**Data supplied**
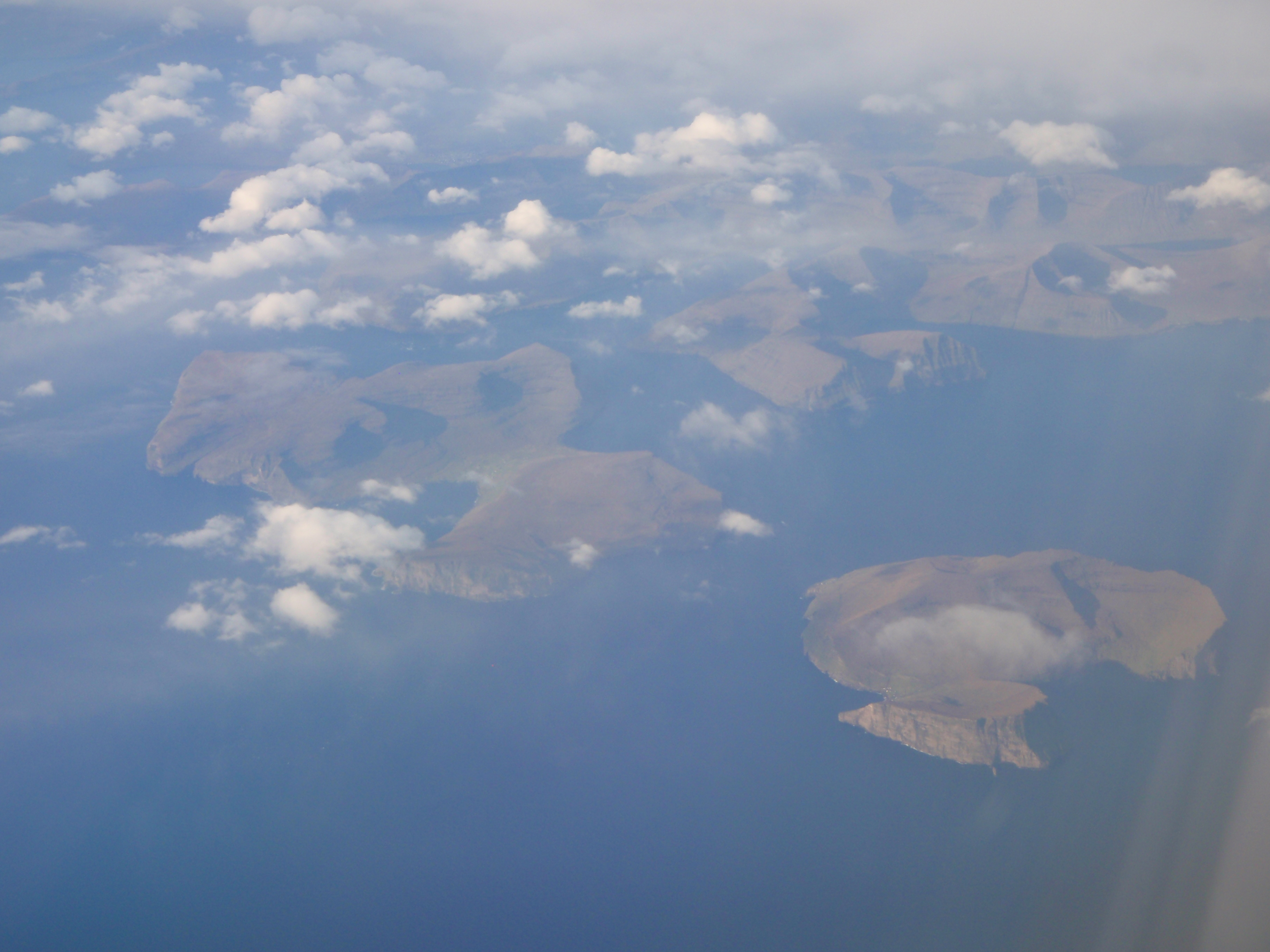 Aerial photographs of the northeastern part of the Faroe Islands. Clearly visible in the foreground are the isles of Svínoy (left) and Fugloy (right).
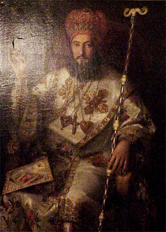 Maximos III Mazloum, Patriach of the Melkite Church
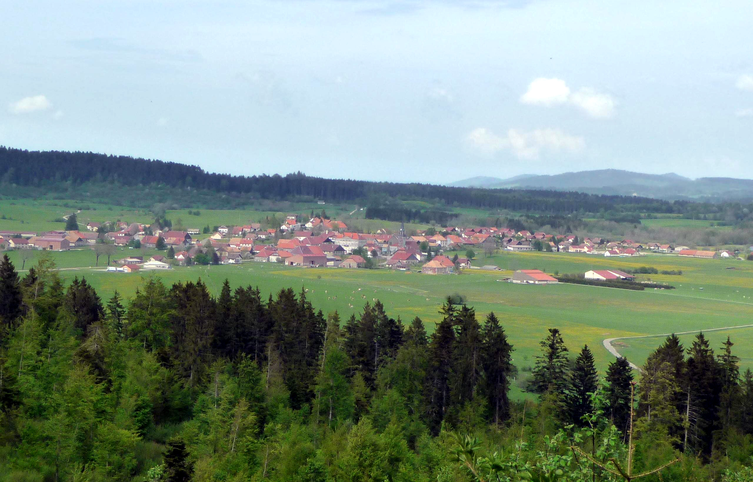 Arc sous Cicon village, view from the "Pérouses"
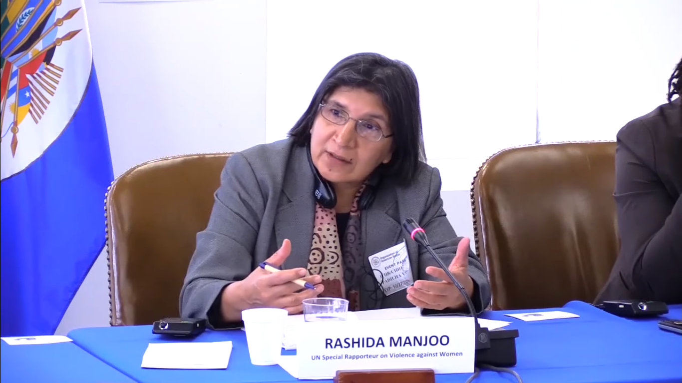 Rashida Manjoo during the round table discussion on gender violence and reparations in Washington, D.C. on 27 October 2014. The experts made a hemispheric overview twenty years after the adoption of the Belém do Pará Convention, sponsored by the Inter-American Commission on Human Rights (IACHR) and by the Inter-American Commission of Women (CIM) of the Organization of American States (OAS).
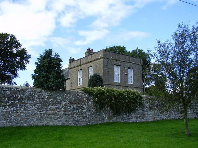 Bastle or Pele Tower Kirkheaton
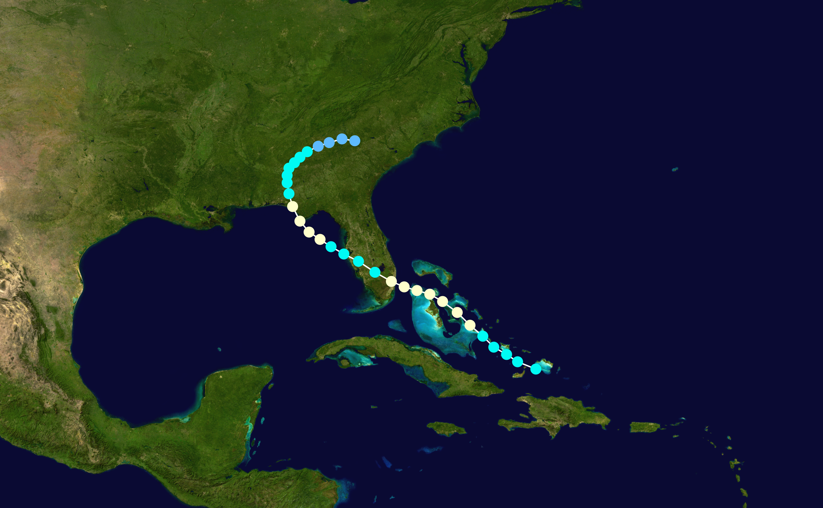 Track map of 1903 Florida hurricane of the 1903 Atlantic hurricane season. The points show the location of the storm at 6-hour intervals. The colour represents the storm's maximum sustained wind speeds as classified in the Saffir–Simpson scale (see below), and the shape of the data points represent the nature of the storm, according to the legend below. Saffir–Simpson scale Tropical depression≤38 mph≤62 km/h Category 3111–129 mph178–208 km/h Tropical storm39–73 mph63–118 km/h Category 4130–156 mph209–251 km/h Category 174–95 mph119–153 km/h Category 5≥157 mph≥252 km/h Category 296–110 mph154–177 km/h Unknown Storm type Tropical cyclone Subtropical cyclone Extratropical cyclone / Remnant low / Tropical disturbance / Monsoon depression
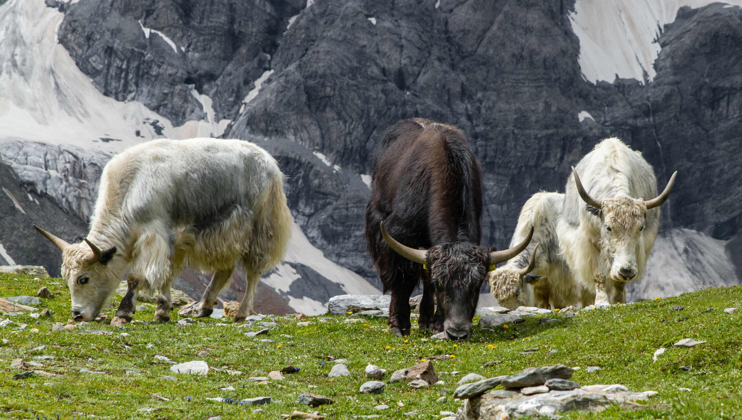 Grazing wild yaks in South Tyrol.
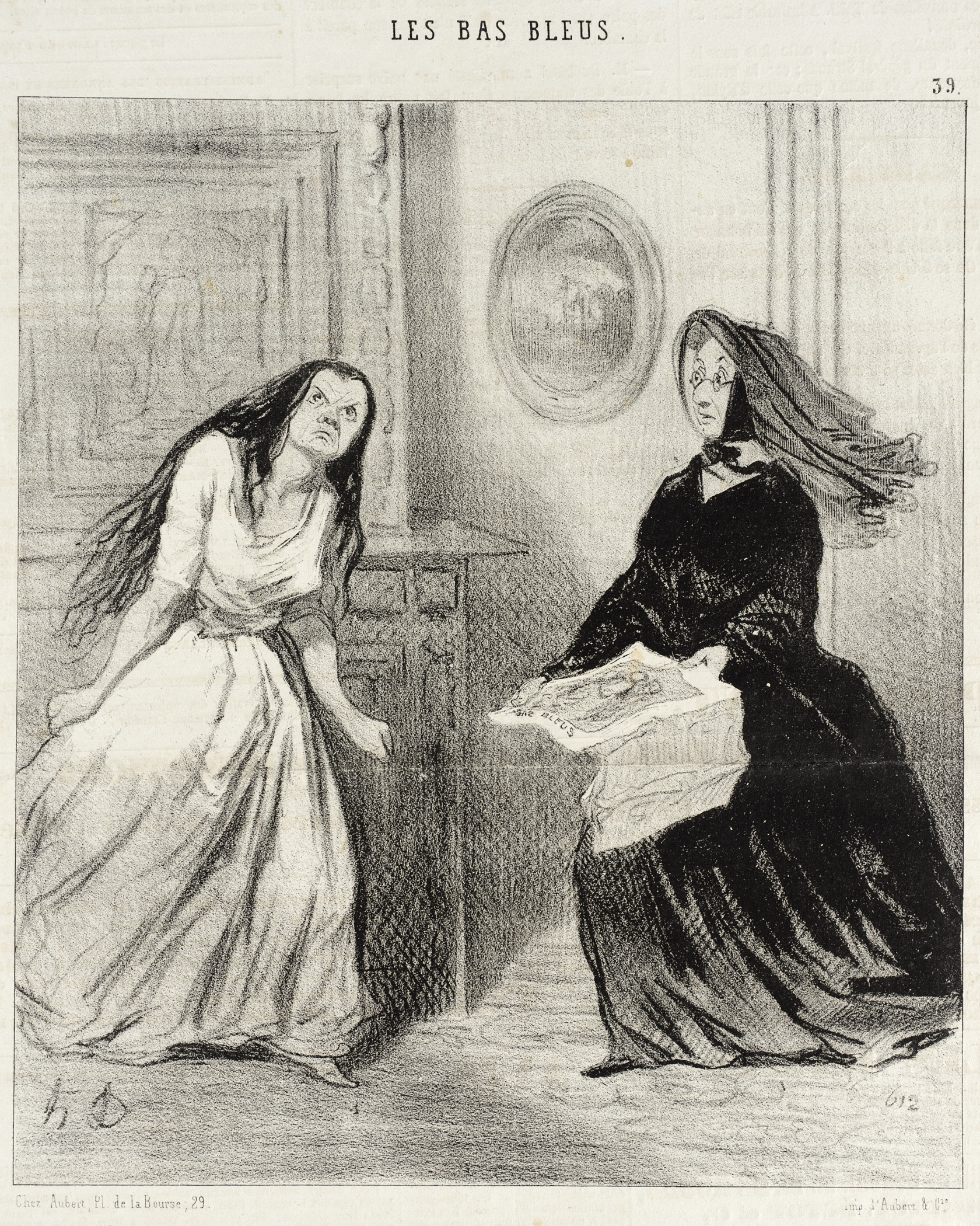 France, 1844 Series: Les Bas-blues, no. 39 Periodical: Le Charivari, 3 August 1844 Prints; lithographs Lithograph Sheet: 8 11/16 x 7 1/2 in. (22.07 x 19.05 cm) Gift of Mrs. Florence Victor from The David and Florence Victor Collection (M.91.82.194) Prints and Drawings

**What is needed**
Pictures aside, repeat exactly every line from the top of the listing above through the line bearing "Arc sous Cicon", inclusive.

**Task response**
 Aerial photographs of the northeastern part of the Faroe Islands. Clearly visible in the foreground are the isles of Svínoy (left) and Fugloy (right).
 Maximos III Mazloum, Patriach of the Melkite Church
 Arc sous Cicon village, view from the "Pérouses"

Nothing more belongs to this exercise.